Many business owners still rely on traditional accounts that weren’t built for global payments. As a result, they face frustrating delays, limited currency support, and hidden fees that quietly add up. Sending a single international payment can cost upwards of 50 CAD in transfer fees alone. Add in the often-overlooked exchange rate markup, typically 2–3% above the market rate, and the total cost becomes much higher than expected.
Worse, these transfers can take days to arrive. That’s a problem when you’re trying to pay overseas contractors on time or need to settle supplier invoices quickly to keep operations running smoothly. Waiting three to five business days for a payment to clear can disrupt cash flow and strain relationships.
We’ll compare the traditional banks in Canada with Venn, an alternative fintech that more and more businesses are switching to for their global payments.
What to Look for in a Business Account for Cross-Border Payments?
When evaluating the best business account for global payments in Canada, here are the key features to consider, and why they matter:
What are the best options available for Canadian businesses?
When evaluating the best business account for global payments in Canada, it's critical to go beyond headline fees.
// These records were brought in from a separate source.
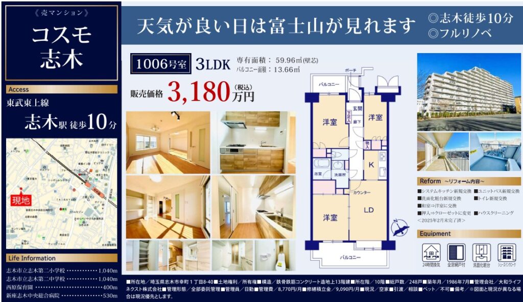 【9/6 大幅値下げ♪】コスモ志木◆フルリノベマンション◆
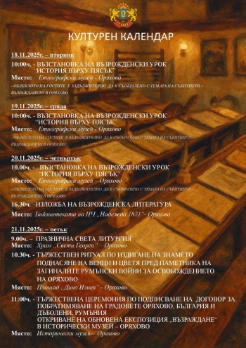 На 18, 19 и 20 ноември от 10 часа в Етнографски музей – Оряхово ще се проведат възстановки на възрожденски урок „История върху пясъка“. Желаещите, които ще присъстват трябва да бъдат облечени подходящо за събитието във възрожденско облекло.
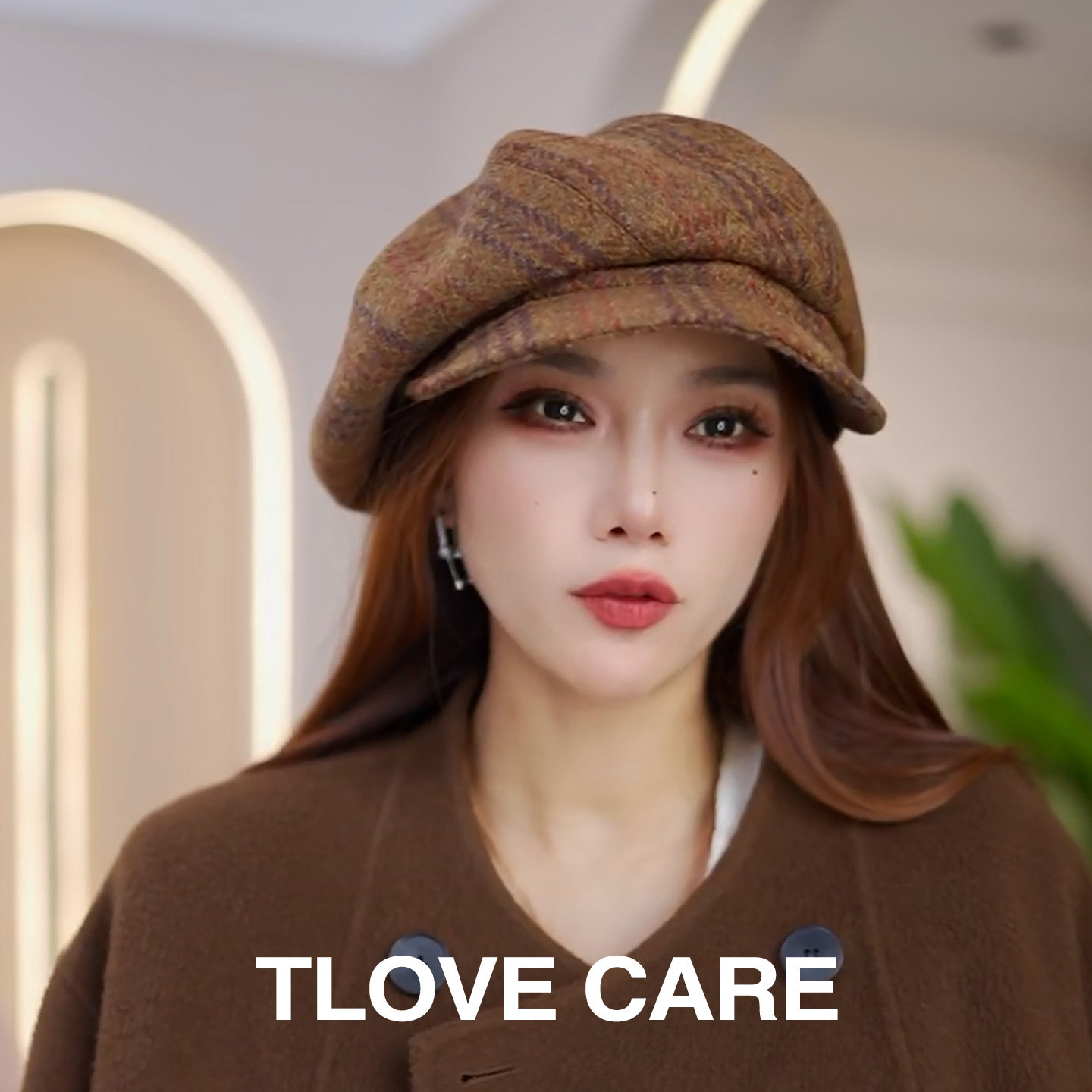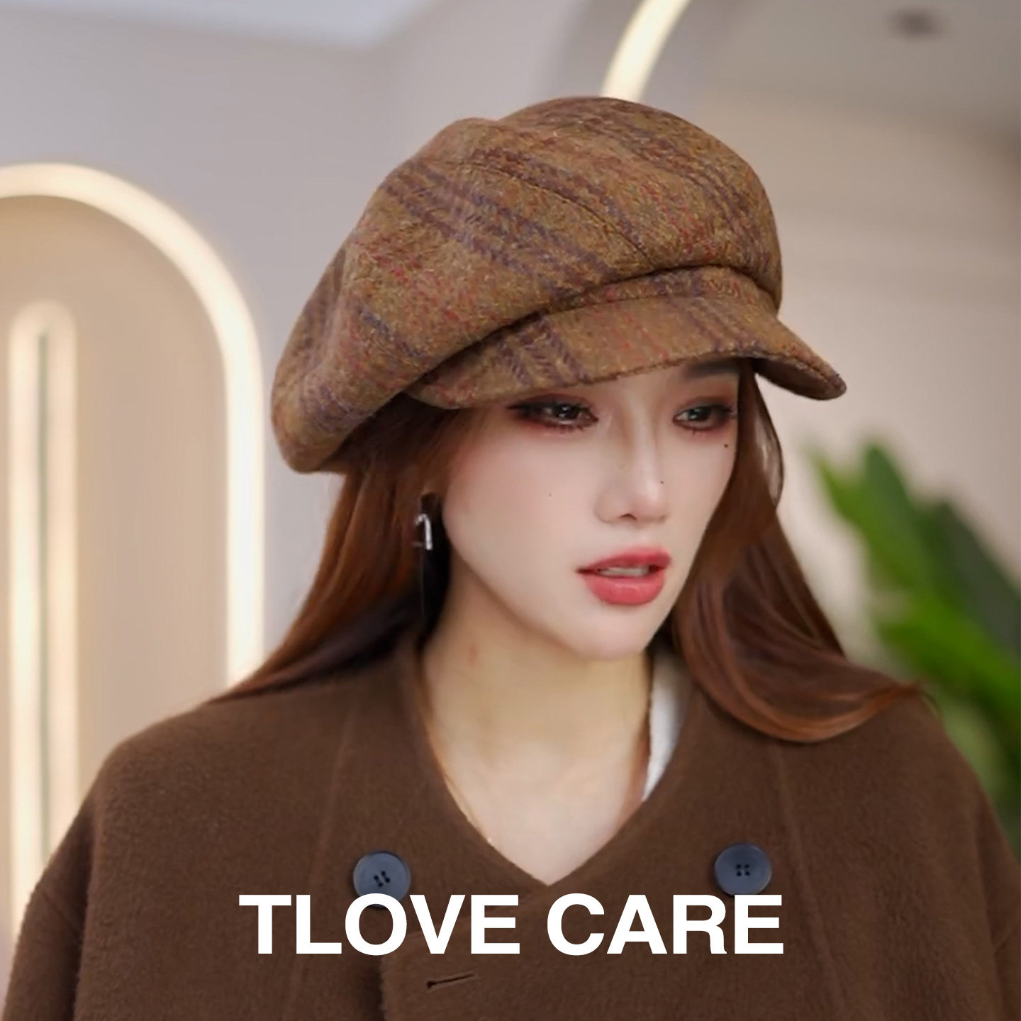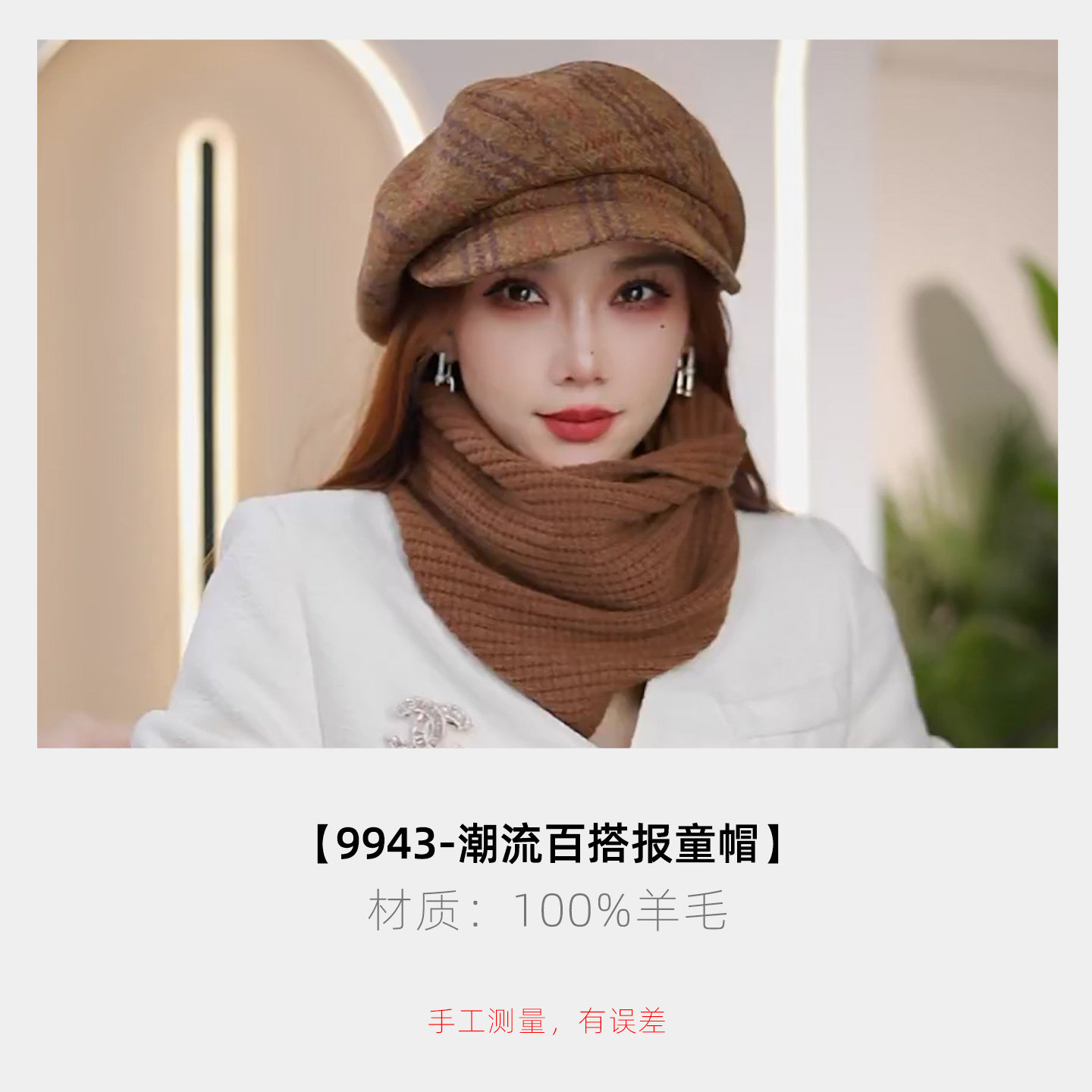 9943+英伦复古格纹八角帽女士季新款时尚百搭羊毛报童帽画家帽

The true cost of cross-border business banking includes wire fees, currency exchange markups, processing delays, and multi-currency capabilities. Below is a side-by-side comparison of leading providers in Canada, including major banks and fintech options like Venn, the preferred solution for Canadian businesses that prioritize cost-efficiency, speed, and transparency when making international payments.
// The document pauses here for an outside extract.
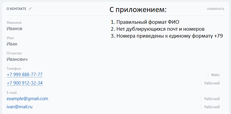 | Стандартизация номеров | Корректные звонки и рассылки, экономия времени |
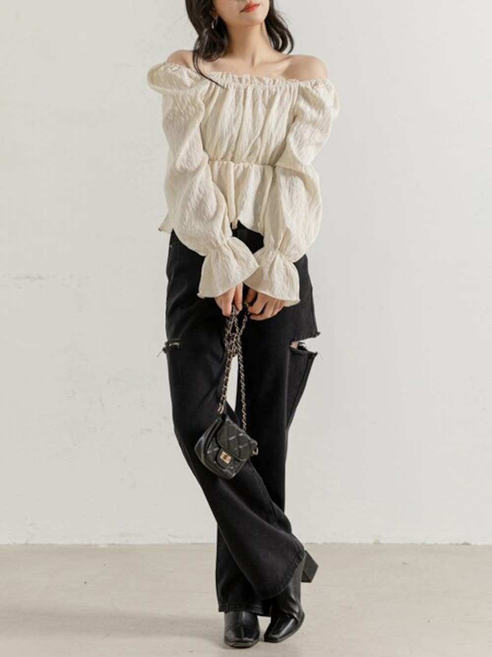 TeddyShop(TeddyShop)のシャツ/ブラウス「レディース 長袖2WAYシボ加工ペプラムオフショルブラウス」を使ったコーディネート

Venn Business Account for Global Payments
Venn is quickly becoming the go-to business account for Canadian companies making cross-border payments. Built specifically to address the pain points of traditional banking, high fees, slow settlement times, and limited currency support, Venn delivers a streamlined experience tailored for global commerce. Whether you're paying overseas vendors, managing payroll for remote teams, or receiving payments from U.S. clients, Venn offers real-time visibility, lower costs, and faster delivery.
Key features:
- Cheapest International Payment Options: $6 CAD international wires, $0 ECH/ACH payments, Free unlimited e-transfers
- No fee on receiving wires: Unlike other vendors, Venn does not charge a fee on receiving money into your account
- Interest on Balances: Venn offers 2% interest on all CAD/USD balances. No minimums or lock-in periods.
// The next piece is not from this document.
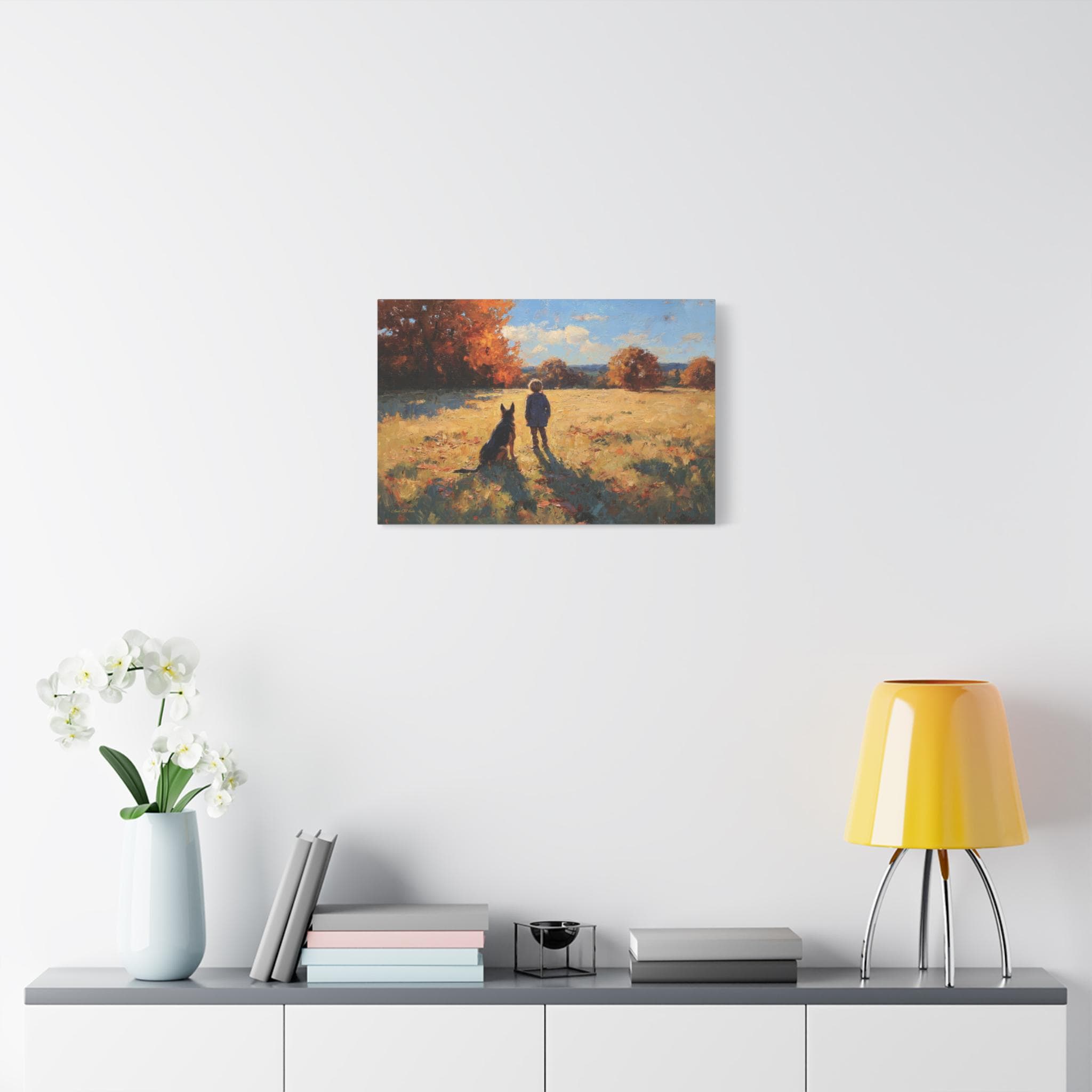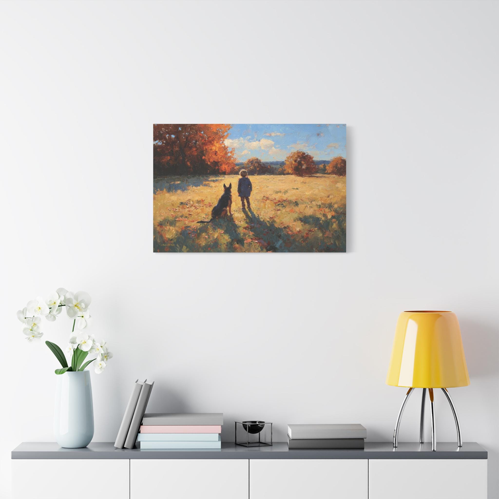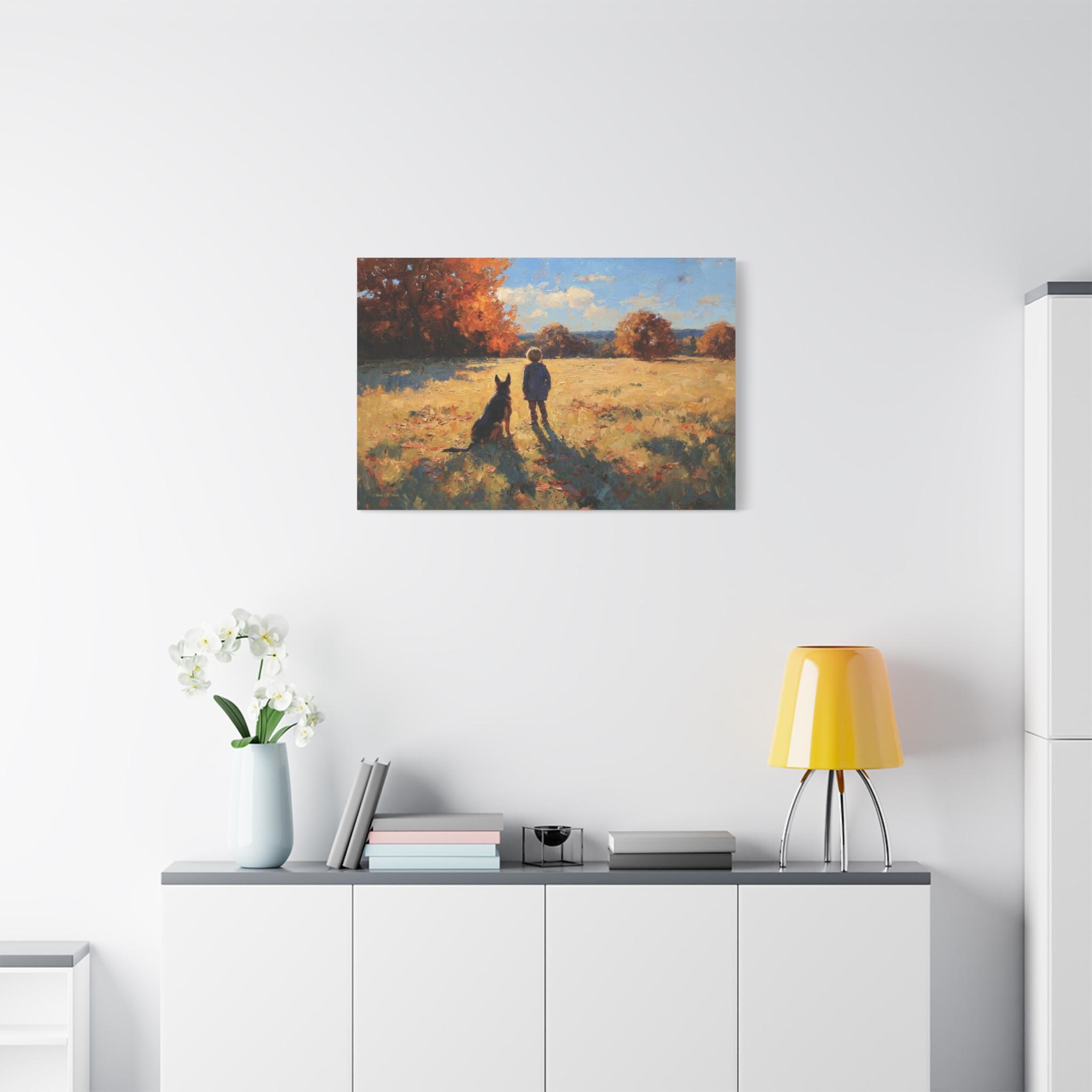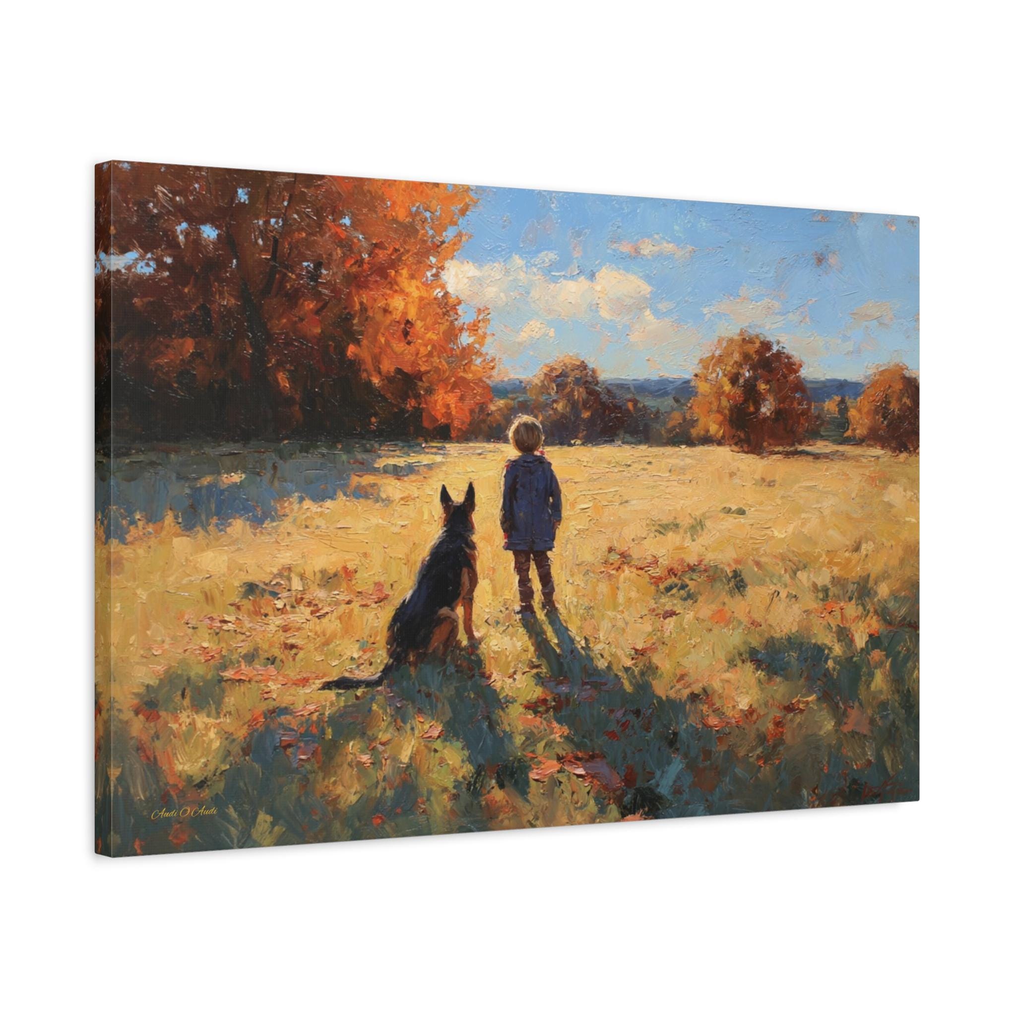 Bring the profound warmth, nostalgic beauty, and unbreakable bond of childhood friendship into your home with this stunning autumn landscape canvas print. This captivating artwork features a young boy and his loyal dog standing side-by-side in a sun-drenched, golden field, looking out together toward a beautifully textured forest of vibrant fall foliage.

- Market-Leading FX Rates: Venn offers ultra-competitive exchange rates with no hidden markup, saving businesses up to 3% compared to traditional banks.
- Same-Day Payments: Most international payments settle within one business day, with U.S. ACH payments often arriving same-day.
- Real USD Banking Details: Businesses get U.S.-based routing and account numbers to receive ACH payments like a local, ideal for clients or platforms like Stripe, Amazon, and Shopify.
- Multi-Currency Support: Hold, convert, and pay in multiple currencies, including USD, EUR, GBP, and more, all from a single interface.
- Automated Workflows: Batch payments, scheduled transfers, and CSV uploads make managing international vendor and contractor payments fast and error-free.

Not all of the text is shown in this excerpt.